Darcy felt an involuntary tug at the corner of his mouth.

The matter-of-fact delivery of such an absurd statement was something he had begun to expect with Miss Elizabeth.

She seemed to possess an inexhaustible capacity for levity.

It was something he would not have thought he would enjoy. But he did.

"What did you do?" Mrs. Hurst asked curiously.

"Dressed him up in a child’s gown that had once belonged to my sister Lydia," Miss Elizabeth admitted. "We tucked a little cap behind his ears and paraded him through Meryton as our visiting cousin."

The image this conjured was so delightfully preposterous that Darcy had to exert considerable effort to maintain his composure.

He could envision it all too clearly, Miss Elizabeth and her sisters orchestrating such an elaborate ruse with the sort of creative mischief that would never occur to the ladies of his usual acquaintance.

Bingley laughed outright. "Did anyone believe you?"

"Only Mrs. Long," Jane said. "And only for a moment. But the wager only required us to fool one person."

“Mrs. Long would never admit it,” Elizabeth added, “but she is rather short-sighted.” She leaned forward and lowered her voice. "It was the way Lydia curtsied to Gadabout that truly sold the performance."

Laughter erupted again, warm and unrestrained. Even Mrs. Hurst pressed a hand to her mouth, and Hurst wheezed into his napkin. Darcy found himself drawn into the warmth of it all, marvelling at how Miss Elizabeth could so easily restore the company’s good humour.

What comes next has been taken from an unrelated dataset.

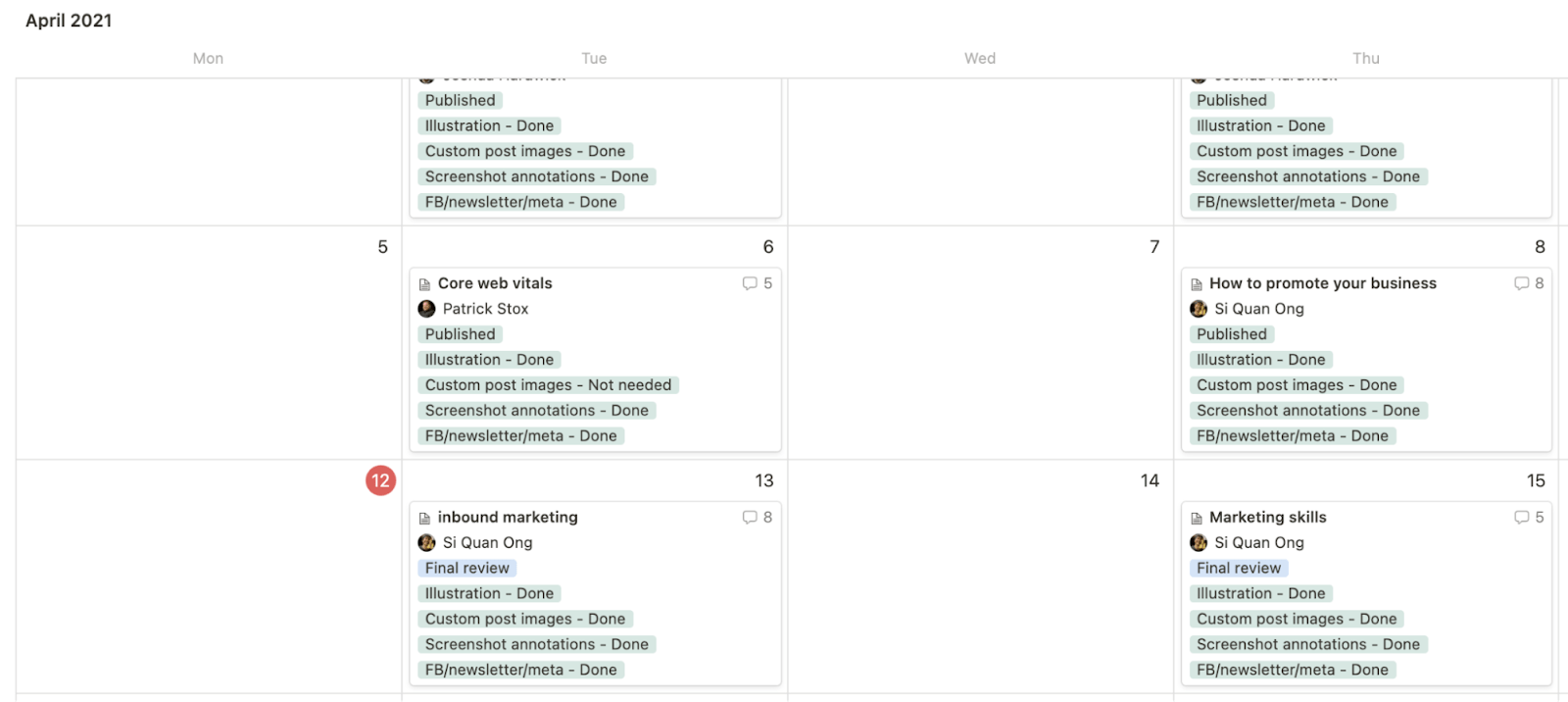 - 新旧作品都有。例如,如果你要刷新或优化现有的内容片段,将它们添加到日历中可以确保你计算完成工作所需的时间和资源

“Lydia still has the ribbon.” Miss Elizabeth lifted her wineglass and sat back to take a sip. Darcy could see she was pleased with the company’s response to her tale.

Miss Bingley did not laugh, evidently unable to appreciate the guileless charm of such a tale.

The evening's other tales, which she had missed, had each possessed the redeeming quality of gentle self-mockery, their tellers displaying that most agreeable willingness to invite laughter at their own expense.

Miss Bingley, however, possessed neither the grace to find amusement in her own follies nor the fortitude to endure becoming the object of others' mirth, a deficiency that rendered her incapable of both giving and receiving the innocent pleasure such stories afforded.

“How charming a childhood you must have had,” she said.

“Oh, that is the best part,” Miss Bennet said. “Tell them how old you were, Elizabeth.”

“Eight?” Bingley guessed. “Nine? I know Miss Lydia is several years younger, so you could not have been too young yourself.”

Miss Elizabeth pretended to glare at her elder sister.

“I was thirteen.” She laughed gaily, and then added, “I will say, in my own defence, that Lydia was not yet eight and required an activity, preferably away from the house. My poor parents and her nurse were nearing distraction, for Lydia was a very busy child.”

“Not unlike someone else I know,” Miss Bennet said with a fond sort of affection.

In Darcy’s world, such spontaneous creativity was often viewed with suspicion, as though genuine feeling was somehow unseemly. Yet here sat Miss Elizabeth, completely unashamed of her capacity for joy, and somehow managing to make everyone around her feel unashamed too.

The realisation troubled him almost as much as it pleased him. When had he become so starved of authentic feeling that a simple anecdote about a dog in a child’s dress and cap could affect him so profoundly?

As the evening drew to its natural close, Darcy found himself reluctant to see it end.

He watched Miss Elizabeth answer something Mrs. Hurst said and acknowledged again with a mixture of resignation and wonder that his carefully ordered world had shifted so completely on its axis.

Whatever defences he had once thought to erect against Miss Elizabeth had proven woefully inadequate against this woman, who could find equal delight in Cicero's syntax and a dog dressed in a gown, who possessed the rare gift of making others feel that such delight was not merely permissible, but essential.